Tepid growth as corporate growth remains sluggish; retail trending well:

Overall credit growth remained subdued at 2% yoy, dragged down by international/corporate portfolios. However, domestic organic retail/agriculture grew 14%/13% yoy respectively. Deposit growth too remained muted at 2.2%, in line with management’s strategy to manage LDR, while domestic CASA remained healthy at 43%, up 380bps yoy. Global NIM was down 5bps qoq, impacted by interest reversal on NPAs and interest waiver, partly offset by lower CoF (CoD down 14bps qoq) and overseas margin expansion. Going forward, the bank plans to focus on loan growth on the back of recovery in corporate capex, which should neutralize negative impact of the second Covid-19 wave on Retail/MSME, if any.

 

Asset quality under control; better recoveries in sight:

Reported GNPA ratio improved 76bps qoq to 8.9% vs. pro forma GNPA of 9.6% in Q3. Reported gross slippages were lower than expected for Q4 at Rs122bn, which adjusted for pro forma slippages in Q3 stood at Rs37bn. Overall restructuring book of 1.6% includes Covid restructuring of ~Rs94bn (1.3% of loans, Rs77bn corporate), of which Rs23bn (0.3% of loans) has been implemented.

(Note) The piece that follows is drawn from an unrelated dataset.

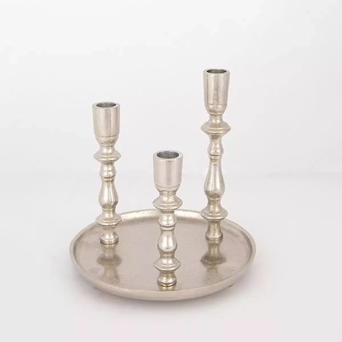ΚΗΡΟΠΗΓΙΟ, ΜΕΤΑΛΛΙΚΟ, ΣΕ ΣΤΡΟΓΓΥΛΗ ΒΑΣΗ, ΑΣΗΜΙ, 3 ΘΕΣΕΙΣ, 19x19x20cm Estheti

Overall SMA 1& 2 pool (>Rs50mn) stood at 3.9%, down from 4.4% in Q3, indicating easing of stress levels. In context of the above, management guides for lower slippages and lower credit cost for FY22 along with better recoveries (~Rs65bn) from NCLT/SARFAESI.

 

Outlook and valuations:

BOB has recently raised capital via QIP, leading to reasonable CET 1 at 10.9% now vs. 9% in Q3. With merger and asset quality pain largely behind, we expect BOB’s RoE to gradually improve to 10-12% over FY23-24E from a low of 1% in FY21. Retain Buy with a revised TP of Rs110 based on 0.8x FY23E ABV (vs. 0.6x). Key risks: Higher NPA formation, mainly in corporate/SME book; and slower-than-expected growth trajectory.